On Tuesday, 22 January 2013 at 11:41:14 UTC, Sergei Nosov wrote:
On Tuesday, 22 January 2013 at 11:17:32 UTC, MMj wrote:
On Tuesday, 22 January 2013 at 10:45:27 UTC, deadalnix wrote:
On Tuesday, 22 January 2013 at 09:27:22 UTC, MMj wrote:
Hello Folks.
How are you?
Excuse me, I need a trust about D programming and C, In your opinion D can be a replace for C?
Why a user should use D?
Please let me know your opinion.

Thank you.
Cheers.

It really depend on what you try to achieve. But in many case it is a viable alternative. In other, things need to be ironed out.
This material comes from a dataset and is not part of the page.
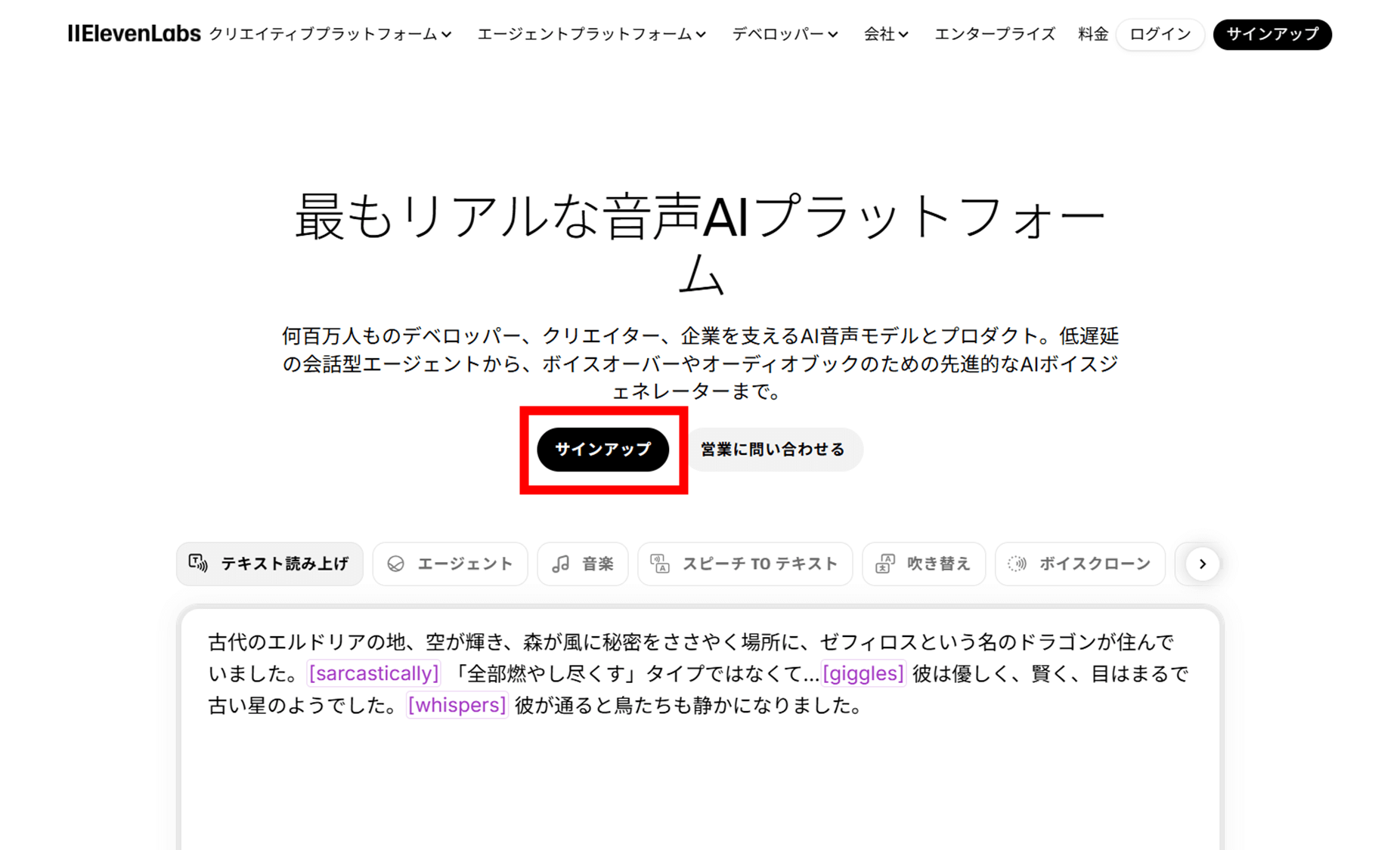 ElevenLabsの公式サイトにアクセスします。右下に「日本語に切り替える」のポップアップが出る場合はクリックして日本語表示に切り替えます。

I saw D wiki and understand some goals about but Can you tell me why you choose D and not C?

From my perspective, D cannot replace C in sense "you can throw C away". Well, maybe it could theoretically, but not practically.

But the trend is C is becoming more and more a high-level assembler. Things like mapping to a register, no hidden costs, "you can basically see the assembler when programming in C".


This is only true in very simple processor architectures.

In modern optimizing C compilers targeting modern CPUs, C no longer maps to the hardware as much as many C coders still think it does.